Published online May 16, 2018. doi: 10.4253/wjge.v10.i5.93
Peer-review started: January 4, 2018
First decision: January 22, 2018
Revised: February 20, 2018
Accepted: March 14, 2018
Article in press: March 15, 2018
Published online: May 16, 2018
Processing time: 132 Days and 11.5 Hours
To investigate whether endoscopic ultrasound (EUS)-guided insertion of fully covered self-expandable metal stents in walled-off pancreatic necrosis (WOPN) is feasible without fluoroscopy.
Patients with symptomatic pancreatic WOPN undergoing EUS-guided transmural drainage using self-expandable and fully covered self expanding metal stents (FCSEMS) were included. The EUS visibility of each step involved in the transmural stent insertion was assessed by the operators as “visible” or “not visible”: (1) Access to the cyst by needle or cystotome; (2) insertion of a guide wire; (3) introducing of the diathermy and delivery system; (4) opening of the distal flange; and (5) slow withdrawal of the delivery system until contact of distal flange to cavity wall. Technical success was defined as correct positioning of the FCSEMS without the need of fluoroscopy.
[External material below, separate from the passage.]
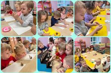 Безнең балалар бакчасының кечкенәләр төркемендә, балалар табигый материал белән кызыксынып эшлиләр. Табигый материал белән эшләү баланы күзәтүчәнлеккә күнектерә, фикерләүне, күрү һәм төсләрне кабул итүне үстерә. Иҗади хыял формалаштыра.

In total, 27 consecutive patients with symptomatic WOPN referred for EUS-guided drainage were included. In 2 patients large traversing arteries within the cavity were detected by color Doppler, therefore the insertion of FCSEMS was not attempted. In all other patients (92.6%) EUS-guided transgastric stent insertion was technically successful without fluoroscopy. All steps of the procedure could be clearly visualized by EUS. Nine patients required endoscopic necrosectomy through the FCSEMS. Adverse events were two readmissions with fever and one self-limiting bleeding; there was no procedure-related mortality.
The good endosonographic visibility of the FCSEMS delivery system throughout the procedure allows safe EUS-guided insertion without fluoroscopy making it available as bedside intervention for critically ill patients.
Core tip: The use of self-expanding and lumen-apposing metal stents for the drainage of walled-off necrosis has revolutionised the treatment options and outcome of this disease. Conventionally, these stents are placed by endoscopic ultrasound-guidance but under fluoroscopic control. We could demonstrate that all steps of the stent insertion are visible endosonographically which allows safe and controlled stent placement. Without the need for fluoroscopy and consequent radiation protection regulations, this procedure becomes available in the endoscopy unit and at the bedside of critically ill patients.